Pivo Nova says it spent more than a decade developing a proprietary process to precisely control ABV while preserving drinkability and flavor. Greg Kester, who leads the development team, has framed the brand as a response to drinkers who want to scale back alcohol without giving up the experience of beer. The lineup choice reinforces that point. A hoppy West Coast IPA and a crisp German pilsner sit at opposite ends of the flavor spectrum, giving Soul Tone a chance to show the process works in both hop-forward and clean lager formats.

Data visualization chart
Data Visualisation

Sly Fox brings a long Pennsylvania pedigree to the launch. The brewery says the Giannopoulos family founded it in December 1995. It also opened the first craft beer canning line in the Mid-Atlantic in 2006, and its canned Pikeland Pilsner won gold at the 2007 Great American Beer Festival, becoming the first canned craft beer to take a GABF medal. That history gives Soul Tone a technical and packaging credibility rare for a brand built around a relatively unfamiliar strength target.
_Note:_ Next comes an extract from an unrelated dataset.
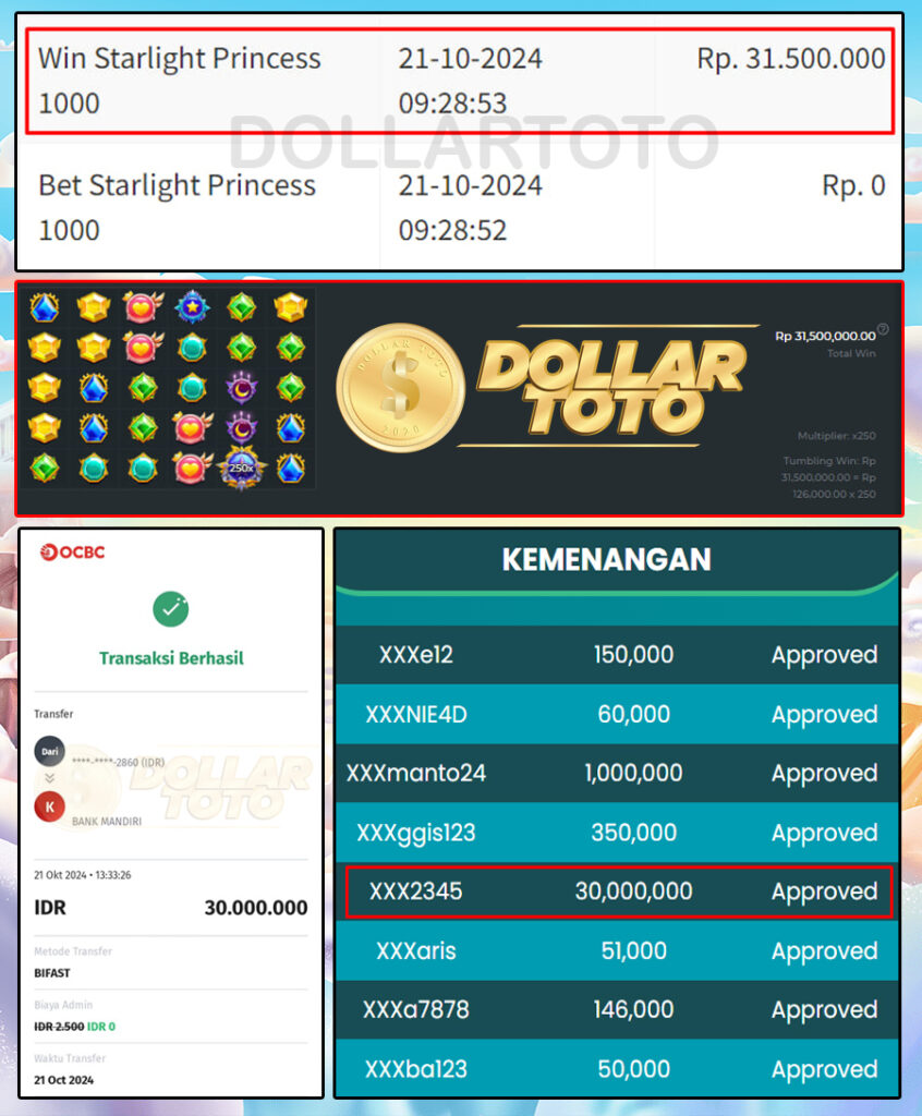 Kami ucapkan selamat untuk User ID XXX2345 yang berhasil JACKPOT di permainan slot STARLIGHT PRINCESS di situs DOLLARTOTO

The market is ready for the experiment. Brewers Association-related reporting put non-alcohol beer sales up 26.8% in 2025 to $508.6 million, with case sales rising 23.5%. Industry research has also pointed to a gap below 4% ABV, noting that only 15.5% of surveyed breweries offered a beer under that mark. There is still no official U.S. low-alcohol definition, though 4% ABV is often used as a practical guide, while Australia’s mid-strength benchmark runs from 3.0% to 3.9%.

Soul Tone lands squarely in that open space at 2.5% ABV. For brewers, the launch is a useful signal: the next design challenge is not simply making beer weaker, but making it feel complete.